# All-Wall coupons?



## Masterpiece (Mar 29, 2010)

Hey guys, I hope this isn't OT but I'm ordering a bunch of various sized stainless knives (no offense to you trowel guys lol) and was wondering if AW ever has coupon codes or where to get them? I've bought a few hundred $$ from them this year which is nothing for you auto tapers but it would be nice if I could get at free shipping or something sometimes...

Thanks!

Jeremy


----------



## PrecisionTaping (Feb 2, 2012)

Order from WallTools instead.
Because you're a Drywall Talk member you get 10% off.
And any purchase over $200 you get a free shirt! You can choose between white, black or red. :thumbsup:
http://www.walltools.com/wall-tools-tee-shirt.html
Oh! Also, with every purchase you accumulate Wall Points which can be redeemed for future purchases.


----------



## Masterpiece (Mar 29, 2010)

Cool, I appreciate the heads up!


----------



## wrenchmonkey4 (Jul 25, 2012)

Masterpiece said:


> Hey guys, I hope this isn't OT but I'm ordering a bunch of various sized stainless knives (no offense to you trowel guys lol) and was wondering if AW ever has coupon codes or where to get them? I've bought a few hundred $$ from them this year which is nothing for you auto tapers but it would be nice if I could get at free shipping or something sometimes...
> 
> Thanks!
> 
> Jeremy


DONT KNOW IF YOU GUYS KNOW ABOUT ZORO TOOLS, THEY ARE A GOOD SOURCE FOR TONS OF STUFF, I SPENDS HUNDREDS THERE EVERY MONTH (AND SAVE HUNDREDS TOO) AND THERE ARE COUPON CODES + FREE UPS GROUND ON ORDERS OVER $50.
I JUST LOOKED FOR KNIVES AND THEY HAVE HYDE, MARSHALLTOWN, GOLDBLATT AND SOME CHEAP ONES.
http://www.zorotools.com/s/cn-Drywall%20and%20Plastering%20Tools/c-4406/
ITS AN OPTION
COUPON CODES FOUND AT RETAILMENOT.COM
$20 OFF ORDER OF $75+ (PCMOFF)
MY ORDERS ARRIVE IN 2-3 DAYS


----------



## Bazooka-Joe (Dec 31, 2010)

kim at All-wall gives 10 off for DWT members, tell him you heard it on DWT


----------



## Bazooka-Joe (Dec 31, 2010)

PrecisionTaping said:


> Order from WallTools instead.
> Because you're a Drywall Talk member you get 10% off.
> And any purchase over $200 you get a free shirt!

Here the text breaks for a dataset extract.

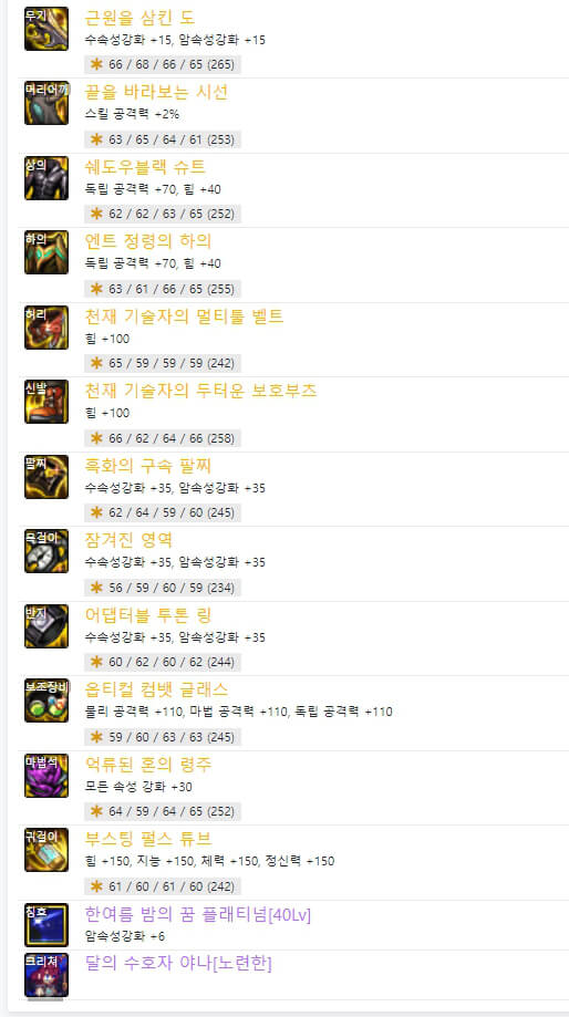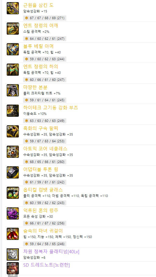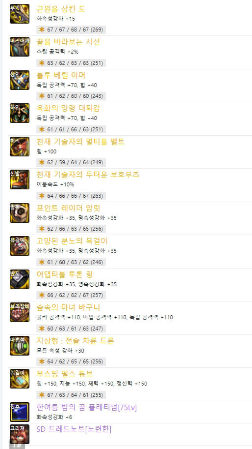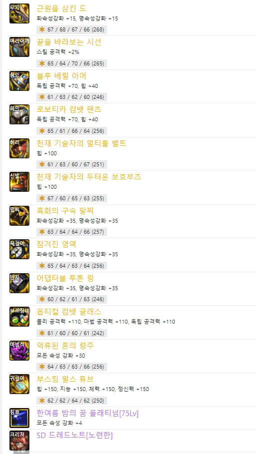 위와 같이 직업별로 '결전의 도 - 드래곤나이트'와 '근원을 삼킨 도'의 2종류의 무기가 있습니다. 하나는 직업명이 붙은 결전 무기이고 다른 하나는 근원 무기입니다. 결전 무기는 자기 직업만 사용할 수 있으며, 근원을 삼킨 도는 도를 사용하는 직업이라면 누구나 사용할 수 있습니다. 현재로서는 근원 무기가 결전 무기보다 성능이 더 좋은 거 같습니다. 6명의 랭커가 모두 '근원을 삼킨 도'를 사용하고 있습니다. 이제 장비 아이템 중에 마법석을 보면 6명 중 5명이 '억류된 혼의 령주'를 사용하고 있습니다. 하지만 별로 추천하지 않습니다. '억류된 혼의 령주'는 보유하고 있는 크리쳐 수에 따라서 피해 증가시키는 옵션이 있습니다. 따라서 크리쳐가 많이 필요합니다. 사실 돈이 많으면 추천하지만 저와 같은 평범한 사람이라면 다른 아이템을 선택하는 것이 좋을 것 같습니다. 그리고 하의에도 비슷한 아이템이 있습니다. '옥화의 망령 대퇴갑'입니다. 6명의 랭커 중 1명만 사용하고 있습니다. '옥화의 망령 대퇴갑'은 아바타 개수에 따라 피해 증가 옵션이 있습니다. 그래서 추천하지 않습니다. 다행히 하의에서는 다른 대체 장비 아이템이 많이 있는 것 같습니다. 칭호의 스킬 레벨은 40제 3명, 75제 3명으로 반반으로 선택했습니다. 칭호의 레벨 선택 기준은 탈리스만 룬에서 '태도 용제무쌍-40제'을 선택하느냐, '미디어 버스트-75제'를 선택하느냐에 따라 칭호 레벨을 선택할 수 있습니다. 사실 랭커들과 똑같이 하려면 시간이 많이 걸릴 것 같습니다. 그렇기 때문에 일반적으로 105제 아이템 중 아무거나 먼저 착용하고 새로운 던전 모험가 명성 커트라인에 도달하는 것이 중요합니다. 그리고 필요한 장비 아이템으로 하나씩 변경하면 됩니다.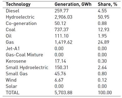 The amount of energy generated achieves 5,703.88 GWh per month in the country. The hydroelectric has the biggest share of the energy mix in the country, even during the year 2015 when the strongest ENSO phenomenon was reported, which affects the generation performance due to the low level in water reservoirs. Nevertheless, the national energy demand increases from 3.9 to 4.4 % by year [2], showing the situation above as an important risk for the national energetic security in the country [13].

You can choose between white, black or red. :thumbsup:
> http://www.walltools.com/wall-tools-tee-shirt.html
> ...


glad ya never made a Video of that shirt:jester:


----------



## Mudshark (Feb 8, 2009)

Bazooka-Joe said:


> glad ya never made a Video of that shirt:jester:


I think that is PT's profile picture on PLENTY OF FISH :whistling2:


----------



## Bazooka-Joe (Dec 31, 2010)

Mudshark said:


> I think that is PT's profile picture on PLENTY OF FISH :whistling2:


----------



## Bazooka-Joe (Dec 31, 2010)

Mudshark said:


> I think that is PT's profile picture on PLENTY OF FISH :whistling2:


wonder is your dwt pic your POF profile pic?


----------



## TheToolDr (Nov 27, 2009)

*All-Wall Coupons*

All-Wall Equipment always offers special discounted pricing to Drywall Talk members, in addition to monthly promotional coupons on qualified purchases!
Drywall Talk members may contact us directly at (800) 929-0927 (in North America) or +1-206.414.7820 (International). Just mention you are a Drywall Talk member at time of order to get your discounts.
You may also email [email protected] directly with items you are interested in purchasing and Kim will be glad to put together the best possible combination of discount, coupons and shipping consideration in a custom quote.
The Tool Dr


----------



## Mudshark (Feb 8, 2009)

wrenchmonkey4 said:


> DONT KNOW IF YOU GUYS KNOW ABOUT ZORO TOOLS, THEY ARE A GOOD SOURCE FOR TONS OF STUFF, I SPENDS HUNDREDS THERE EVERY MONTH (AND SAVE HUNDREDS TOO) AND THERE ARE COUPON CODES + FREE UPS GROUND ON ORDERS OVER $50.
> I JUST LOOKED FOR KNIVES AND THEY HAVE HYDE, MARSHALLTOWN, GOLDBLATT AND SOME CHEAP ONES.
> http://www.zorotools.com/s/cn-Drywall and Plastering Tools/c-4406/
> ITS AN OPTION
> ...


I checked out their website wrenchmonkey4. Not overly impressed with the lack of inventory on their site or the ease of using their website. :yawn:


----------



## wrenchmonkey4 (Jul 25, 2012)

Mudshark said:


> I checked out their website wrenchmonkey4. Not overly impressed with the lack of inventory on their site or the ease of using their website. :yawn:


YEAH NOT TOO EASY TO NAVIGATE AND NOT A DRYWALL TOOL STORE BUT THEN AGAIN IM NOT A DRYWALL CONTRACTOR.... I USE EM FOR MISCELLANEOUS HARDWARE AND RAW MATERIALS FOR MACHINING PARTS AND MAKING TOOLING FOR MY LATHE.
JUST THROWING OUT OPTIONS HERE:detective:


----------



## Masterpiece (Mar 29, 2010)

I was in a hurry since a couple of the tools are a gift for a friend so I went ahead with the order last night but will keep the emailing ahead option in mind next time. I usually order stuff at night so it's usually too late to call....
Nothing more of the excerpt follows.